== Exercise prompt ==
In your copy, include every line of the listing below exactly but none of the pictures.
╭─ Information supplied
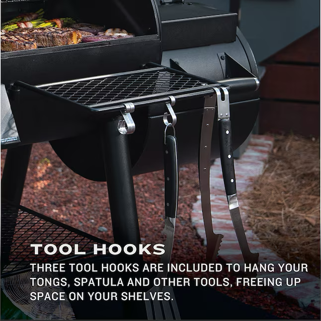 • Ahuma hasta 2 paletas de cerdo y asa 12 hamburguesas en las parrillas principales de 750 pulgadas cuadradas; Asa hasta 15 alitas o 6 hamburguesas en la parrilla de la cámara de combustión de 281 pulgadas cuadradas.
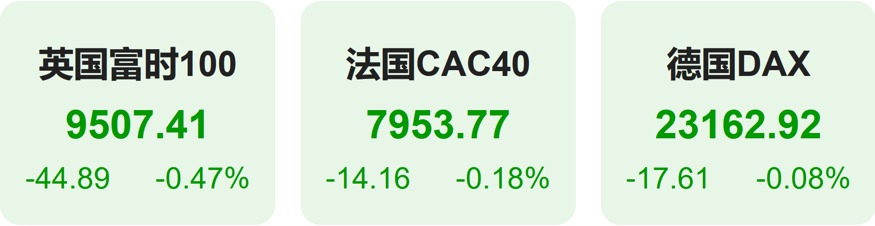 欧洲股市方面,英国富时100指数小幅下跌0.47%,报9507点。法国CAC40指数小幅下跌0.18%,报7954点。德国DAX指数小幅下跌0.08%,报23163点。
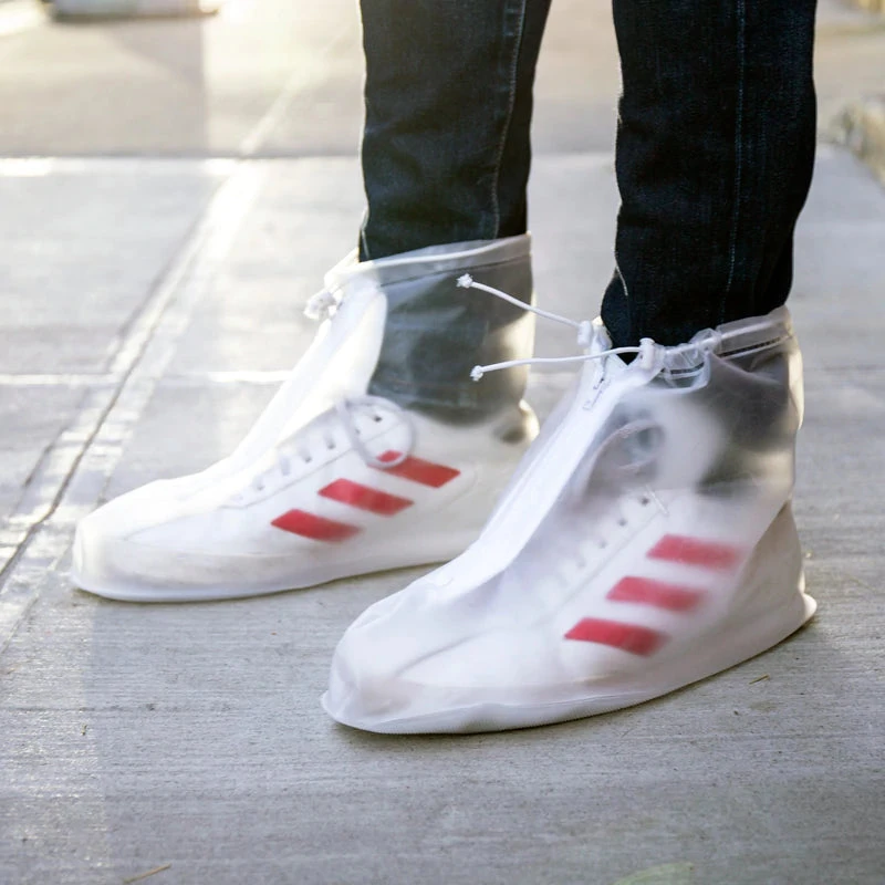 DON’T get caught with dirty shoes! Easily slip these waterproof covers over your shoes, zip them and tighten the drawstring to keep your feet dry and your shoes clean. Reusable design features durable tread on bottom. Always keep a set at home for emergencies.
╰─
== Response to the exercise ==
 • Ahuma hasta 2 paletas de cerdo y asa 12 hamburguesas en las parrillas principales de 750 pulgadas cuadradas; Asa hasta 15 alitas o 6 hamburguesas en la parrilla de la cámara de combustión de 281 pulgadas cuadradas.
 欧洲股市方面,英国富时100指数小幅下跌0.47%,报9507点。法国CAC40指数小幅下跌0.18%,报7954点。德国DAX指数小幅下跌0.08%,报23163点。
 DON’T get caught with dirty shoes! Easily slip these waterproof covers over your shoes, zip them and tighten the drawstring to keep your feet dry and your shoes clean. Reusable design features durable tread on bottom. Always keep a set at home for emergencies.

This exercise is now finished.